Which would be apalling, or does this announcement mean something more innocuous like:
b) If you are doing a creative writing piece in an english exam you can use txt speak - e.g. "I picked up cellphone from beside the fruit bowl and texted Cyril 'cul8r m8'" and not be marked down.
Which I don't think anyone can complain about.
3 comments:
Well, the two paragraph summary says:
"However, abbreviations would be penalised in some exams, including English, in which candidates were required to show good language use."
So I don't see that anyone's saying students will be allowed to use TXT speak in a Shakespeare essay, for one thing.

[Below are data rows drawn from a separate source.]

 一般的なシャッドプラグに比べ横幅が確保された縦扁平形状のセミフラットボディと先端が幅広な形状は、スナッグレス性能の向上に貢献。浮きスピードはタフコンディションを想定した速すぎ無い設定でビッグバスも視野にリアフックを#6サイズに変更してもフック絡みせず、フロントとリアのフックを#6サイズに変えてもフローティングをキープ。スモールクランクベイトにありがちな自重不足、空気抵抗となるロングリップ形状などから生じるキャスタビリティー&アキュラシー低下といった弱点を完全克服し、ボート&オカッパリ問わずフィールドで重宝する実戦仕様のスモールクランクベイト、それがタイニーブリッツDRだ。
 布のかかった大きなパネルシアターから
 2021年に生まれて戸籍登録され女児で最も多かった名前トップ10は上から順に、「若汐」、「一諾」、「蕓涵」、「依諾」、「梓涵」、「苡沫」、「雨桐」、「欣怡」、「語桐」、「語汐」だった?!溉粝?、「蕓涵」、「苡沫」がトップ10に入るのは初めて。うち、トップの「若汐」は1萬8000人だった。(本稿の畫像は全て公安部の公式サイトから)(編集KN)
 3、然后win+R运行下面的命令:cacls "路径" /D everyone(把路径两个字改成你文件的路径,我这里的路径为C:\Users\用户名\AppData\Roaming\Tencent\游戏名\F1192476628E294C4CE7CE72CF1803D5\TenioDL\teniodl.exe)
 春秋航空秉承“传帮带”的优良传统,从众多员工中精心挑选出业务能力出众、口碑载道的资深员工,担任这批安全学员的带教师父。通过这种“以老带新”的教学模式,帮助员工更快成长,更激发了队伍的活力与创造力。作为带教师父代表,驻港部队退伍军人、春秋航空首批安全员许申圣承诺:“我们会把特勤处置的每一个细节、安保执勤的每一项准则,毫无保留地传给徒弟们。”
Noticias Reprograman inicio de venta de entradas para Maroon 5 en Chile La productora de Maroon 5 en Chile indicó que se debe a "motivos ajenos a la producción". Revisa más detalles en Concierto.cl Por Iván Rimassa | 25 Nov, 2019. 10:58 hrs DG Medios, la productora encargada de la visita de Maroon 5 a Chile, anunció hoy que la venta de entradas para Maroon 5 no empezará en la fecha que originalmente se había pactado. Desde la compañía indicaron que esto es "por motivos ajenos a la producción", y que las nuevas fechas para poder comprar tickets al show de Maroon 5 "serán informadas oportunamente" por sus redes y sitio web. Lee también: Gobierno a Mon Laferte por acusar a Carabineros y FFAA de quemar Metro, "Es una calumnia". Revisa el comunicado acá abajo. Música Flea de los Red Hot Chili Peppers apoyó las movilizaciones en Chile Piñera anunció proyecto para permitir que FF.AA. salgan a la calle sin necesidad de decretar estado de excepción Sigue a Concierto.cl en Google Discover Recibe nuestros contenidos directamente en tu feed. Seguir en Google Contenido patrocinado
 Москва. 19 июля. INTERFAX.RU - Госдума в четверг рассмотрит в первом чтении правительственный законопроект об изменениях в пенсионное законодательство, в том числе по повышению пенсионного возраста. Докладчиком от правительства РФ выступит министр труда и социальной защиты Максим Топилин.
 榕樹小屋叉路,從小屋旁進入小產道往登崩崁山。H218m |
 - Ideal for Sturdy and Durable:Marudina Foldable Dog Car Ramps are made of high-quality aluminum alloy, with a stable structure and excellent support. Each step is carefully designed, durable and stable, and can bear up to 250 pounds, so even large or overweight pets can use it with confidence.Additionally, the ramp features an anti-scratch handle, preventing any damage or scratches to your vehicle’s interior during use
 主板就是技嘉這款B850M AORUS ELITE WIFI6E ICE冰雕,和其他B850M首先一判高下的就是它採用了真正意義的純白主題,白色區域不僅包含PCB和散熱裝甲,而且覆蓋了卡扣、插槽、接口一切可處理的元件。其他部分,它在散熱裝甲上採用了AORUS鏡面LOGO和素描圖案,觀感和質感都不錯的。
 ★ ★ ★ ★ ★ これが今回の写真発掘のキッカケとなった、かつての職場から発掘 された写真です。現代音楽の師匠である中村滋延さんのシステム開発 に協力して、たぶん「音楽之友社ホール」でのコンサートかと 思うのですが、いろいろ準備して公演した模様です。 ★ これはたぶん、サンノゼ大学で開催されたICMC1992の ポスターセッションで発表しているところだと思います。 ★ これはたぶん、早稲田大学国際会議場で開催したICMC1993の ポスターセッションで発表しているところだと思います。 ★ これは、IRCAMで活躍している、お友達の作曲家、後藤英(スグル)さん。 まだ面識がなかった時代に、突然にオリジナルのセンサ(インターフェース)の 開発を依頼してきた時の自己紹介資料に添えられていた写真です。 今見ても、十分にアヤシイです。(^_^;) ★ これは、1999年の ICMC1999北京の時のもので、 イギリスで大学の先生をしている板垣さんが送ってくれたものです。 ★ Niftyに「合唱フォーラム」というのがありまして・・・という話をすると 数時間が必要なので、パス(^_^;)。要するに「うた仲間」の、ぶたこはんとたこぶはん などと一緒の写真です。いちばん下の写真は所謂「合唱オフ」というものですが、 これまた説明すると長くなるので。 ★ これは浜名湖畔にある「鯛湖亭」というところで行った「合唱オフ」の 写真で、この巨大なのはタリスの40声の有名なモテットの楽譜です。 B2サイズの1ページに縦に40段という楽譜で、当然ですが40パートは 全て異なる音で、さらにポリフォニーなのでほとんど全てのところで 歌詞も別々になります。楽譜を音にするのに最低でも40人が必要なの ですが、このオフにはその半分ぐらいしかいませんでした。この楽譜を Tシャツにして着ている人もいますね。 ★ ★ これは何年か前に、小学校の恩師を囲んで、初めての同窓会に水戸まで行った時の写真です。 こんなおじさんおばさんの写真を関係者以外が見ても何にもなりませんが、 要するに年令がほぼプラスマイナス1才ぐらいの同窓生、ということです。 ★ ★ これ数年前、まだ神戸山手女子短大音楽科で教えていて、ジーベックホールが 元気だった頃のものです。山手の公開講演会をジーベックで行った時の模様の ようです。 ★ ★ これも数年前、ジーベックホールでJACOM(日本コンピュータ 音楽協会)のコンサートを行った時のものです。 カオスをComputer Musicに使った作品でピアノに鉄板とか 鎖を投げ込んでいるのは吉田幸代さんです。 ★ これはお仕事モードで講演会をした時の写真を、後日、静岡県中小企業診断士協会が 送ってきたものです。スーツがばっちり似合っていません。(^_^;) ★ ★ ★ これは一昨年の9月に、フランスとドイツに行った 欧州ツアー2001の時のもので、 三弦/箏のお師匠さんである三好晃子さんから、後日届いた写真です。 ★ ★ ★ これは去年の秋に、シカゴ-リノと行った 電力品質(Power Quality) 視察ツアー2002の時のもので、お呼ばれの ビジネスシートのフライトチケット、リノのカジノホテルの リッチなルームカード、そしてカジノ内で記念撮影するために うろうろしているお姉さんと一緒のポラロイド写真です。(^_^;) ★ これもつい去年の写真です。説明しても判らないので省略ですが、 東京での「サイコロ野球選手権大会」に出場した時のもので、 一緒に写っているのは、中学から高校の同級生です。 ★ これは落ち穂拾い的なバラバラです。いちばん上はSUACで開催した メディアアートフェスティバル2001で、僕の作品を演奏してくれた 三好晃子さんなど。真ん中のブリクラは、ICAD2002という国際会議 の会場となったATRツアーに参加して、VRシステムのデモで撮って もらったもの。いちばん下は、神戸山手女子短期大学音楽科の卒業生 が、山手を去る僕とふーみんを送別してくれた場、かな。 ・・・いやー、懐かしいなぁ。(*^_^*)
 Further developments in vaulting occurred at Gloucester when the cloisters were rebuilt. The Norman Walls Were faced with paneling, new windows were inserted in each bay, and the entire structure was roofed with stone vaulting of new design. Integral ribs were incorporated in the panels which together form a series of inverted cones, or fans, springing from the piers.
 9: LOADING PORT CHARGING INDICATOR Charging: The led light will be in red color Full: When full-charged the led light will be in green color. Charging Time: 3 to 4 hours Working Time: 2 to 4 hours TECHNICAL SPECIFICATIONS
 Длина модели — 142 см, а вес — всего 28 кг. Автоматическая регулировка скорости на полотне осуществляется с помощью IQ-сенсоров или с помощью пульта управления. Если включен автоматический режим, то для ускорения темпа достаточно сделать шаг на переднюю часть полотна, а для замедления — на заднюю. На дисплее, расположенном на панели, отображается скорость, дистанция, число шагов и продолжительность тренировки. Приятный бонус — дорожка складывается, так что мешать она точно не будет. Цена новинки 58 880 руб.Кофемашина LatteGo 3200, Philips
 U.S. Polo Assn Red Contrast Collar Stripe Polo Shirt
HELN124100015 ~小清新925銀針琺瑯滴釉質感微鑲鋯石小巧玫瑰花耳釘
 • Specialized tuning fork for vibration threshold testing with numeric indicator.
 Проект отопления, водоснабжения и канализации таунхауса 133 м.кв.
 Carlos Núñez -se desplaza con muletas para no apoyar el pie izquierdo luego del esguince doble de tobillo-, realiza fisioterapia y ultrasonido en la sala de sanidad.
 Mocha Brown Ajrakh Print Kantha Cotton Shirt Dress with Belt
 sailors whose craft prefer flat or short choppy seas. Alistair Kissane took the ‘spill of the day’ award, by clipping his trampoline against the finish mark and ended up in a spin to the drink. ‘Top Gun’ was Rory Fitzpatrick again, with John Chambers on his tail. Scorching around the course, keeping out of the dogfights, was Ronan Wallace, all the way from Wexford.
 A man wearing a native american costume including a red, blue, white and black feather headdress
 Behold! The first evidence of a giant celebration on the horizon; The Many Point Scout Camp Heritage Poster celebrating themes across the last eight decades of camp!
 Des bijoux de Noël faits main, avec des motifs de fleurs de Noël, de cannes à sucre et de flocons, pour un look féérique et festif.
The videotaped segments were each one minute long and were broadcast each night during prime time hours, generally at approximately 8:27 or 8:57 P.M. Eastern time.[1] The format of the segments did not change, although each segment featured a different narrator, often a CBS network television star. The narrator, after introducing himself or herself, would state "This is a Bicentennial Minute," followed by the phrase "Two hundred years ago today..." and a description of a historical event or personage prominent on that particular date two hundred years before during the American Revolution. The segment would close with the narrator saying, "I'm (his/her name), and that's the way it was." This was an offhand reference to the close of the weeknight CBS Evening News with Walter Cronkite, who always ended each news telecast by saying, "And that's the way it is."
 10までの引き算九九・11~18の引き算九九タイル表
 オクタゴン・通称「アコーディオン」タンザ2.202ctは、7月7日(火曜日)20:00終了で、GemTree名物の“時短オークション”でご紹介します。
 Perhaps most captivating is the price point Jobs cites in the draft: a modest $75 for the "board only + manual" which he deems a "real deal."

I'd be interested to see the actual report that started all of this - I can't seem to find a link anywhere. I wouldn't be surprised if it said something like "we won't penalise students for poor spelling (e.g. TXT speak) in those exams where spelling doesn't matter", which has passed through the media's Alarm-O-Filters and come out as "TXT speak allowed in exams".
Keep an eye out - post in a day or so...
Well that could be why I haven't been able to find a link to the report that started all this -- looks like there never was one.